Extracted records ▸
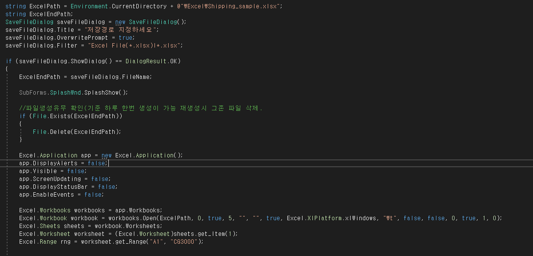 위의 소스 코드 영역은 엑셀 파일(템플릿)을 불러와 첫번째 시트 중 A1부터 CG3000까지를 영역 설정을 지정하는
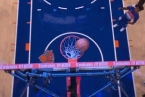 GIF-球迷中场投篮一球7万5 结果涮筐而出啊 好可惜啊
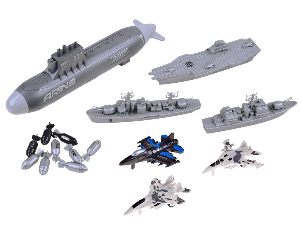 Sada letadel, vojenských lodí a ponorky, kterou malý voják vlastní, je nezbytným vybavením pro operace na bojišti. Malý stratég bude mít k dispozici námořní flotilu a tři stíhací letouny, které budou hlídat oblast ze vzduchu. Sada je celá vyrobena z plastu v příslušných barvách a grafice. Kromě toho má ponorka pohon dvou zadních kol, takže hra může být realističtější.
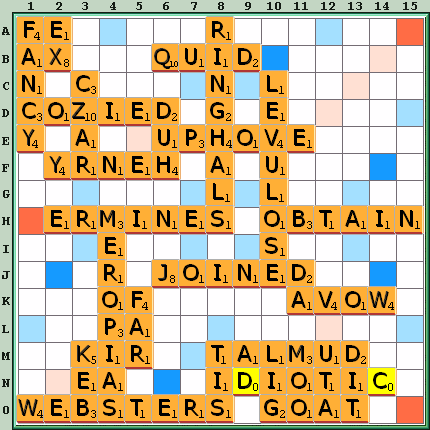Other moves: ADOWN K11 24, ODEA N1 21, ANOW K11 20, ENDOW D10 20, AVO K11 18
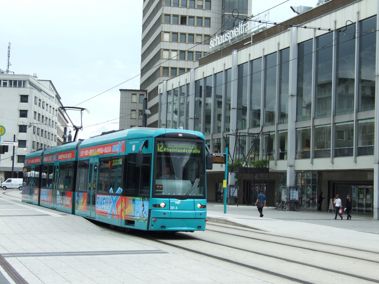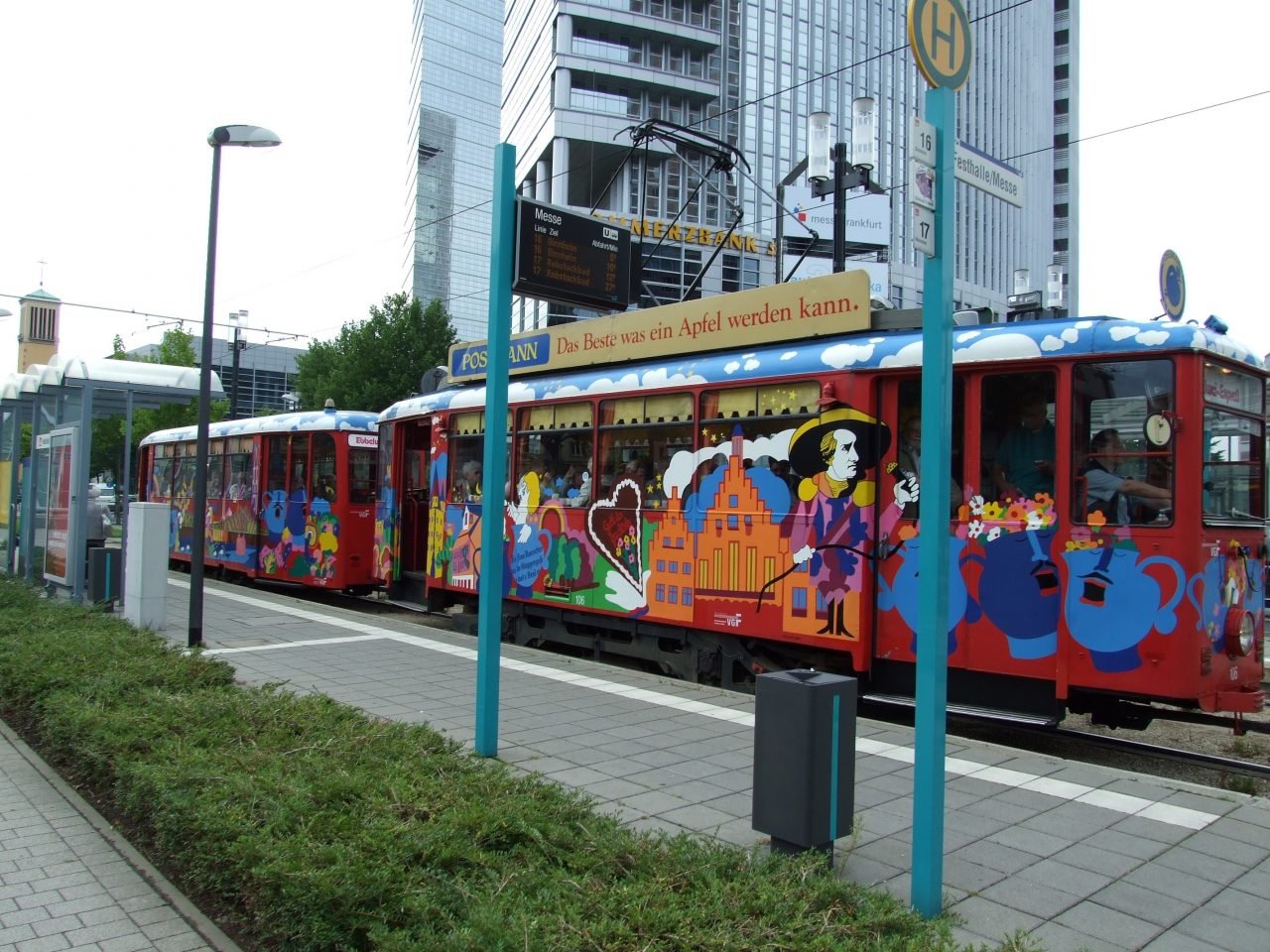 フランクフルト・アム・マインは、ドイツ第一に国際線航空路が集まる要衝です。ドイツ国鉄中央駅から、見本市会場や欧州中央銀行、市役所広場などには路面電車網が連絡しています。市内中心部では地下を走っています。

ASSIGNED TASK ▸ Starting at the line that contains "GIF-球迷中场投篮一球7万5 结果涮筐而出啊 好可惜啊", reproduce each line exactly through the end of the entries above, leaving every picture out.

RESPONSE TO THIS EXERCISE ▸
 GIF-球迷中场投篮一球7万5 结果涮筐而出啊 好可惜啊
 Sada letadel, vojenských lodí a ponorky, kterou malý voják vlastní, je nezbytným vybavením pro operace na bojišti. Malý stratég bude mít k dispozici námořní flotilu a tři stíhací letouny, které budou hlídat oblast ze vzduchu. Sada je celá vyrobena z plastu v příslušných barvách a grafice. Kromě toho má ponorka pohon dvou zadních kol, takže hra může být realističtější.
Other moves: ADOWN K11 24, ODEA N1 21, ANOW K11 20, ENDOW D10 20, AVO K11 18
 フランクフルト・アム・マインは、ドイツ第一に国際線航空路が集まる要衝です。ドイツ国鉄中央駅から、見本市会場や欧州中央銀行、市役所広場などには路面電車網が連絡しています。市内中心部では地下を走っています。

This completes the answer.